#### Records shown
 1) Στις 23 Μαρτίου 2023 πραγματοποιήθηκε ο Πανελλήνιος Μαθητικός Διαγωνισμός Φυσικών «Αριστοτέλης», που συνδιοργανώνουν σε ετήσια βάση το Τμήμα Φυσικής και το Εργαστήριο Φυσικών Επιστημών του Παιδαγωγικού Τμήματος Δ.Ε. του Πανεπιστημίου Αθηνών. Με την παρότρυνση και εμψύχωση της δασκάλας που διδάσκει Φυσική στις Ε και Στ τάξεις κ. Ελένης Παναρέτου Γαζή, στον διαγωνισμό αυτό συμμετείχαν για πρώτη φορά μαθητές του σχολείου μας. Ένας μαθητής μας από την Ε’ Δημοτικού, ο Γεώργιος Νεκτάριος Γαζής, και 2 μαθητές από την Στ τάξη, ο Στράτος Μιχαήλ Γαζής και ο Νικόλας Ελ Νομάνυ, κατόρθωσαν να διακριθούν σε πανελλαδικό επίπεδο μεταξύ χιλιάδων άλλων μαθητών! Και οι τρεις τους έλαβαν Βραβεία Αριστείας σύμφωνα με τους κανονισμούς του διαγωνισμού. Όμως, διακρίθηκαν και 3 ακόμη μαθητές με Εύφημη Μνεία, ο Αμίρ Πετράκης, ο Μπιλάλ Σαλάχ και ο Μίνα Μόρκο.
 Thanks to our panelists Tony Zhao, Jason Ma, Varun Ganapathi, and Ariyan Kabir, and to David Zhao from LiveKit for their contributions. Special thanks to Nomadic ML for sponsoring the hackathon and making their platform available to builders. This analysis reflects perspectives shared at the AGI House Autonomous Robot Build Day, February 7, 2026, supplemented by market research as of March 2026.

==

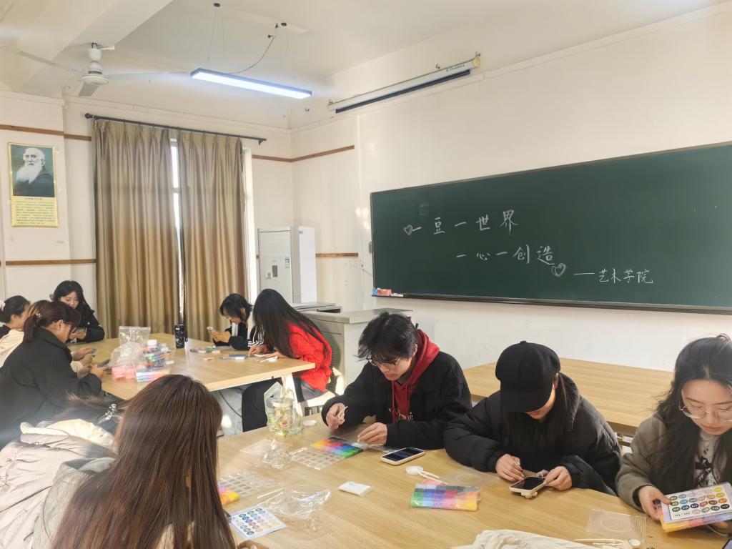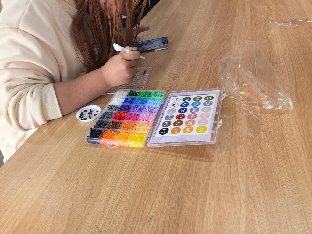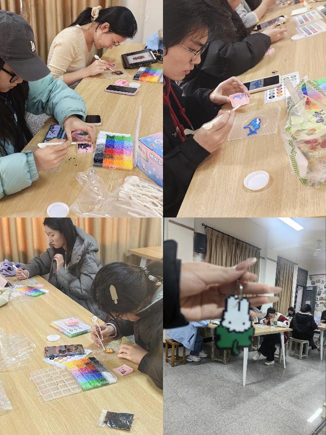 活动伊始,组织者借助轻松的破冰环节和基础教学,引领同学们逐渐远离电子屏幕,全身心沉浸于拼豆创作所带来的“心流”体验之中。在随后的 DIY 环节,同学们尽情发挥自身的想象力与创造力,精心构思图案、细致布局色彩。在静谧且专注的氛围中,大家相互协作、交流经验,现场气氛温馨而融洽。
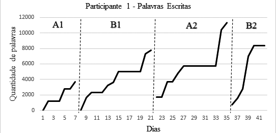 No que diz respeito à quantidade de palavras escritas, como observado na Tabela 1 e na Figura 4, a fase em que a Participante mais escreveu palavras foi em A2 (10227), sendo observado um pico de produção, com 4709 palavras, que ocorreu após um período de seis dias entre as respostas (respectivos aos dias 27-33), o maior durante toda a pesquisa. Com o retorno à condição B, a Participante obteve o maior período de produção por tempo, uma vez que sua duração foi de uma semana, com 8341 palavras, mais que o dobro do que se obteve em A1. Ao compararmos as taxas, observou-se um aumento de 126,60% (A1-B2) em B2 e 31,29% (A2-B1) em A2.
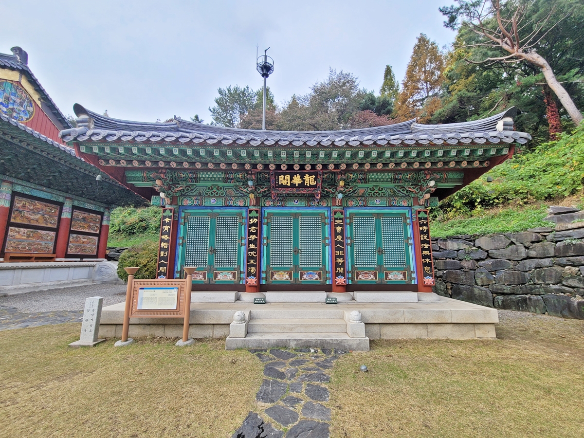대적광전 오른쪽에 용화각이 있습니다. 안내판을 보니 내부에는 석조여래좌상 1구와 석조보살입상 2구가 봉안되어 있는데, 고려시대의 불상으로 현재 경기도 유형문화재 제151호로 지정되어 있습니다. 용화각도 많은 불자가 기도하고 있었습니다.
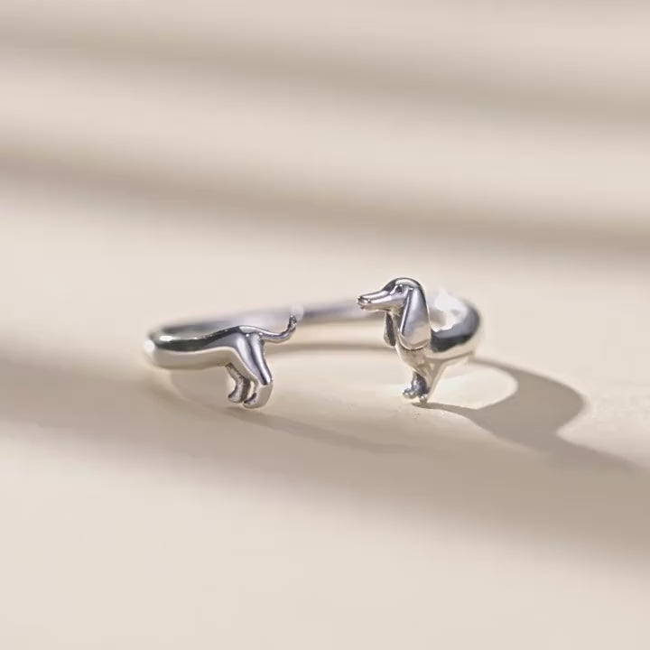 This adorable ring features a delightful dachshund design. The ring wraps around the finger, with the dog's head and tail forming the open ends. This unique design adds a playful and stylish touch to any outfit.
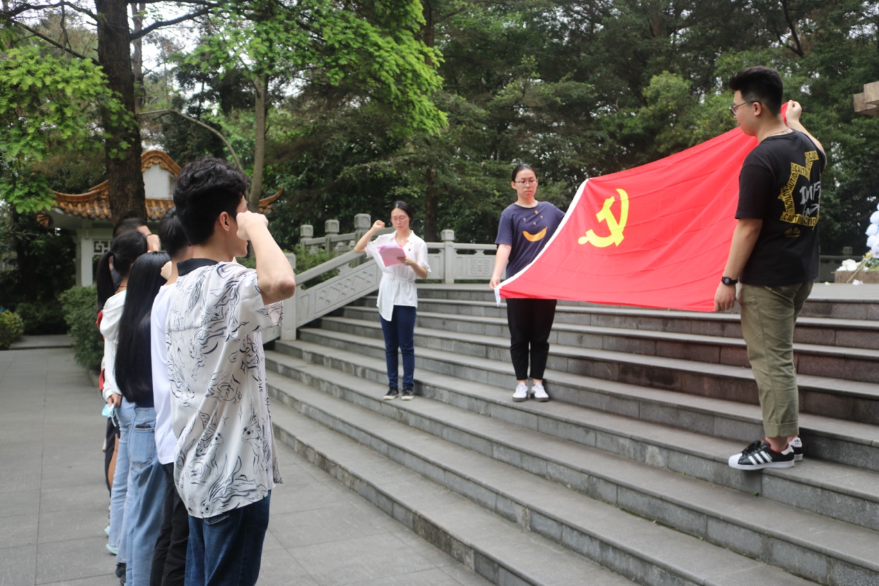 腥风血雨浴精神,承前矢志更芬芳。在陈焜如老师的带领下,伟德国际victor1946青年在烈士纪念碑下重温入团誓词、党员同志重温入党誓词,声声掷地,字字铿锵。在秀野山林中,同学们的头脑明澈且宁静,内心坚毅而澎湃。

* * *

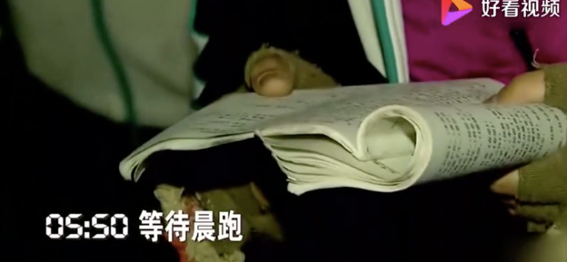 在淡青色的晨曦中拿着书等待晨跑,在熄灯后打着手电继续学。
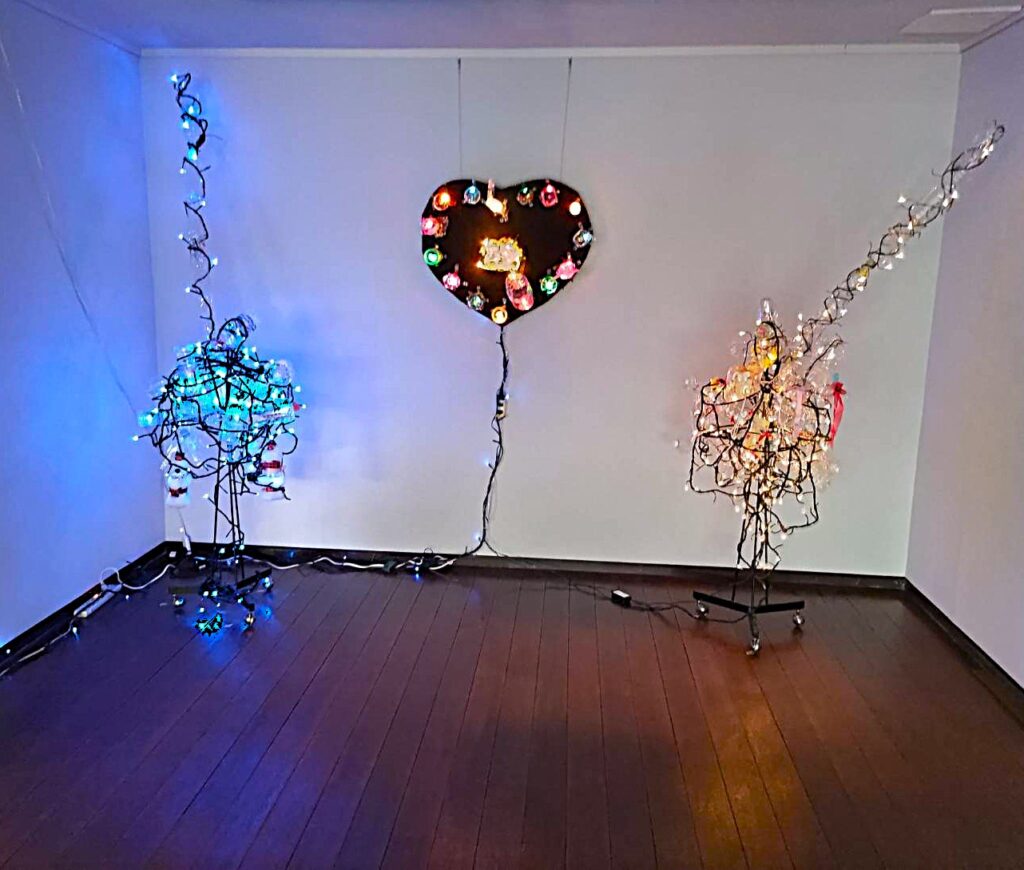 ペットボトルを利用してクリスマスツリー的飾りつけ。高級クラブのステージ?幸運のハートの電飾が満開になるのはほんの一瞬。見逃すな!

#### Work order
For the data above, set down exactly the lines from the line with "대적광전 오른쪽에 용화각이" to the line with "腥风血雨浴精神,承前矢志更芬", both included, leaving pictures out.

#### Solved problem
대적광전 오른쪽에 용화각이 있습니다. 안내판을 보니 내부에는 석조여래좌상 1구와 석조보살입상 2구가 봉안되어 있는데, 고려시대의 불상으로 현재 경기도 유형문화재 제151호로 지정되어 있습니다. 용화각도 많은 불자가 기도하고 있었습니다.
 This adorable ring features a delightful dachshund design. The ring wraps around the finger, with the dog's head and tail forming the open ends. This unique design adds a playful and stylish touch to any outfit.
 腥风血雨浴精神,承前矢志更芬芳。在陈焜如老师的带领下,伟德国际victor1946青年在烈士纪念碑下重温入团誓词、党员同志重温入党誓词,声声掷地,字字铿锵。在秀野山林中,同学们的头脑明澈且宁静,内心坚毅而澎湃。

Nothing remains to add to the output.